The primary objective for the Golden rice is not malnutrition, but to gain greater interest and recognition
from the public, the science world and financing agencies for genetic engineering. Given this fact, a
pinch of salt can be taken up with the pledge of golden rice.
Discussion
Golden Rice can aid in the battle against VAD in South and Southeast Asian countries, where at
least half of the daily caloric intake is obtained from rice, notably among people who often rely on rice
for food. Golden Rice is used to conquer VAD in tandem with modern methods, like consuming foods
that are typically rich in vitamin A or beta-carotene, eating vitamin A-fortified foods, taking vitamin A
supplements, and optimal nursing activities. In order to minimize Vitamin A deficiency, it was meant to
be a beta carotene-enriched seed, a health issue in very poor regions. But farmers have never been
given it for planting. A child eating a rice-only diet would be sick because rice is a low source of
vitamins and minerals. For serious cases of VAD, genetically modifying rice to produce beta carotene is
at best a band-aid, not a remedy for a systemic problem. In 2002, Golden Rice research was shifted to
the Philippines' International Rice Research Institute (IRRI) to be established for Filipino farmers.

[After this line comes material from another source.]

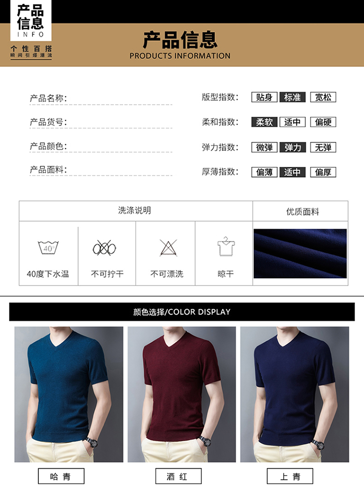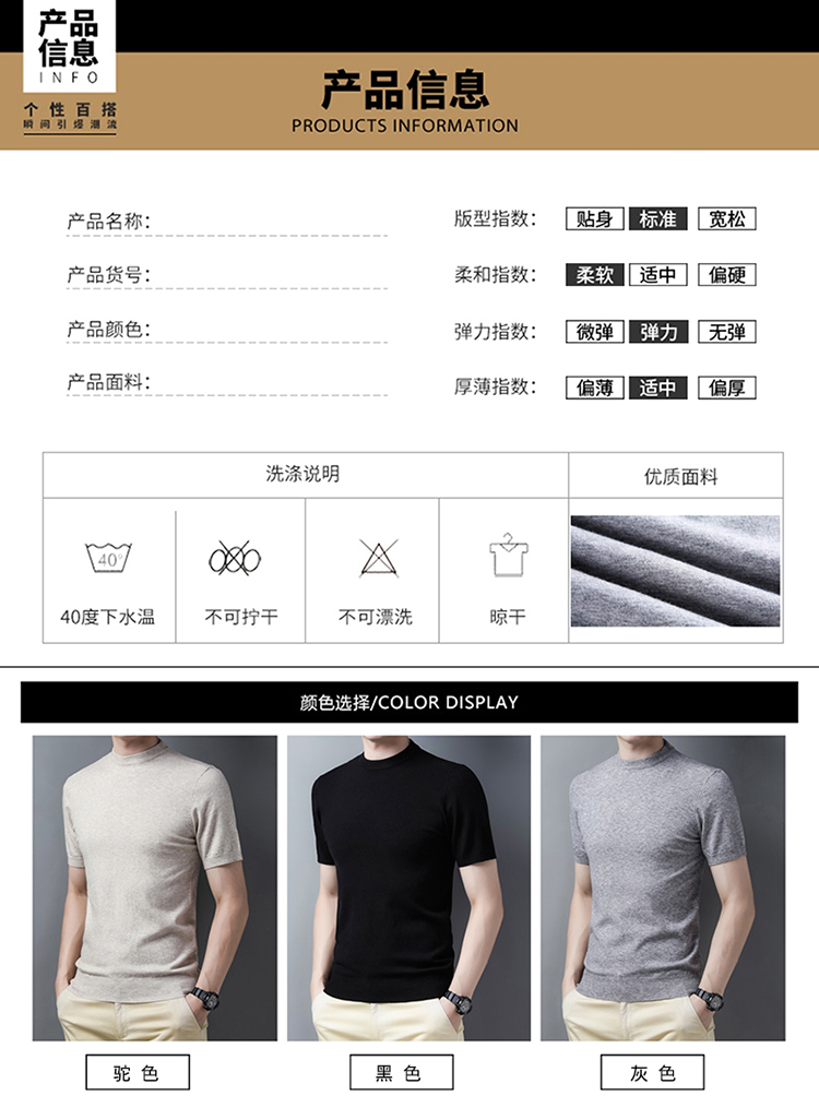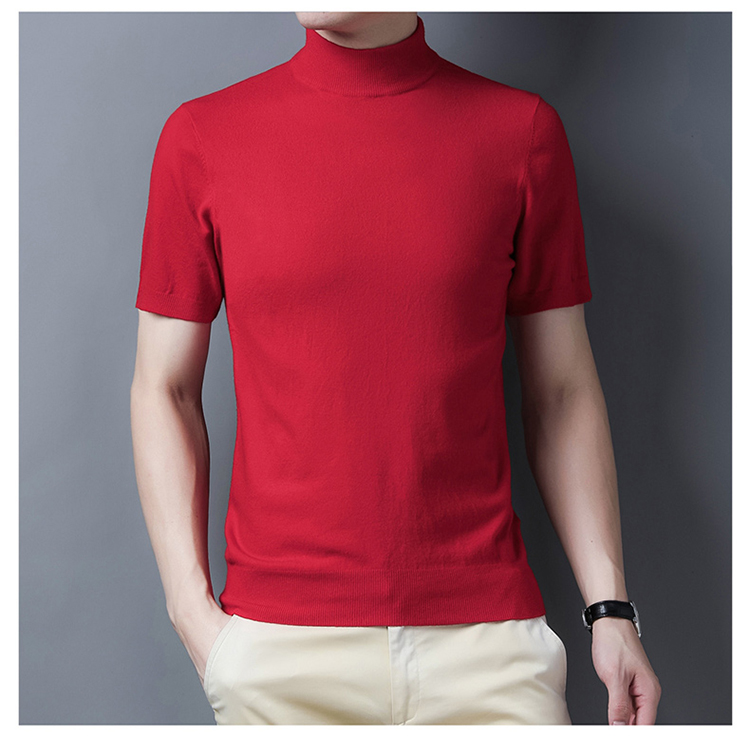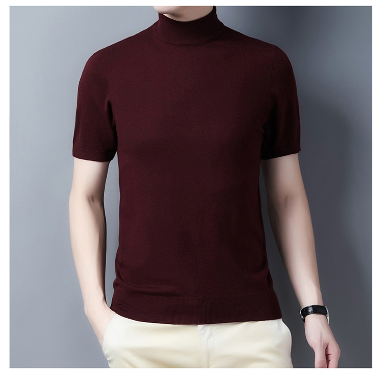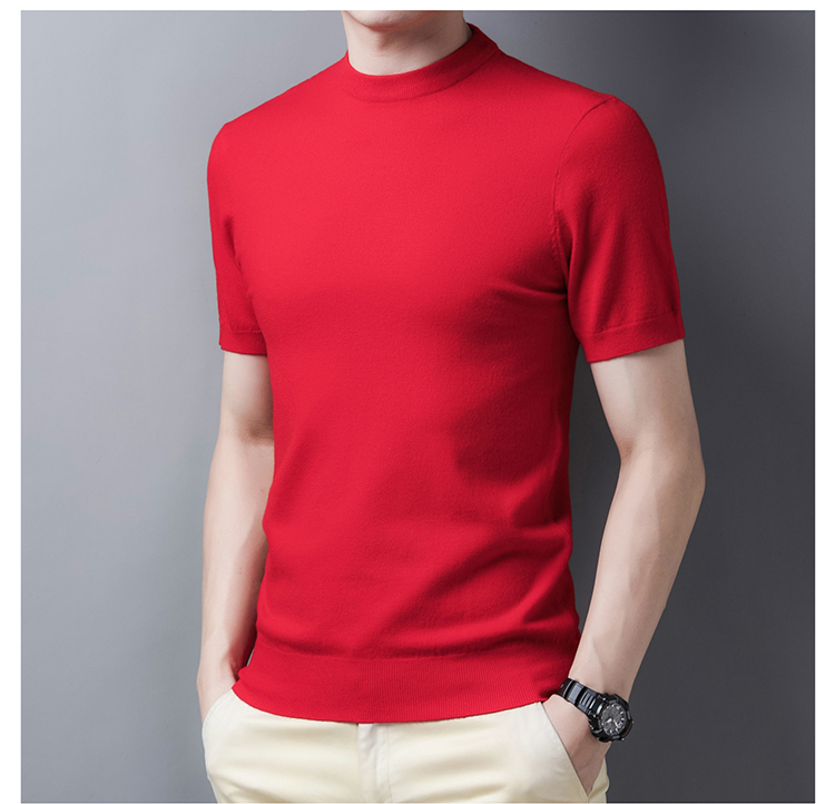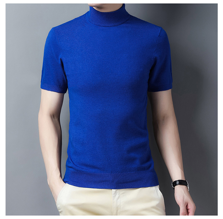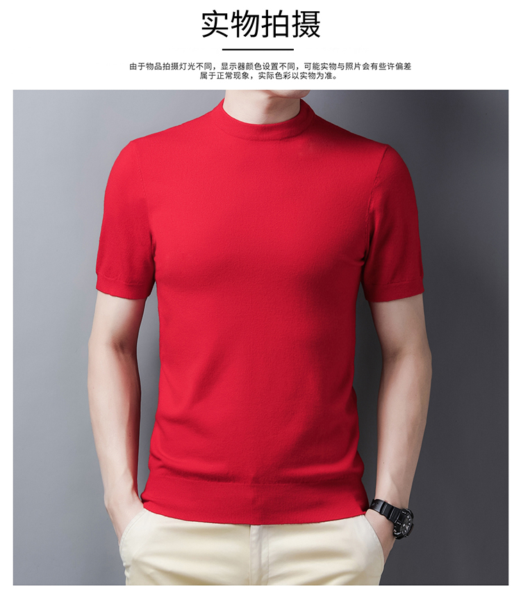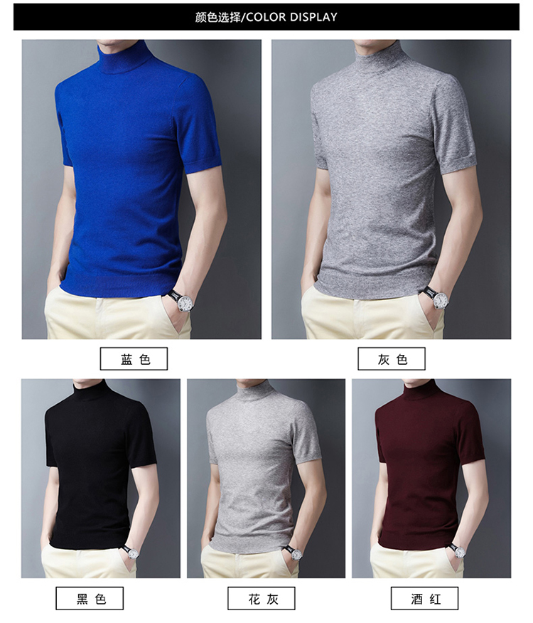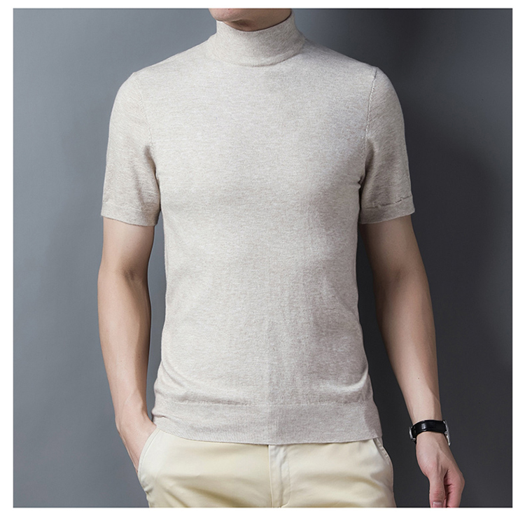 鄂尔多斯市100%羊绒衫男半袖针织打底衫春季中青年韩版套头羊毛衫

Additionally, experts at Syngenta, a multinational agriculture corporation that had purchased
commercial rice rights, started to create a new gene kit to increase the levels of beta-carotene. Golden
Rice 2, which achieved this, was released in 2005. Yet a dilemma emerged. Field trials found that other
genes had also been inhibited by the added genes and reduced the productivity of the rice, so breeders
turned to another case. Farm experiments in 2017 revealed that this rice was rising sufficiently. The
rice was sent to the Philippine Bureau of Plant Industry, which in December 2019 approved it as safe.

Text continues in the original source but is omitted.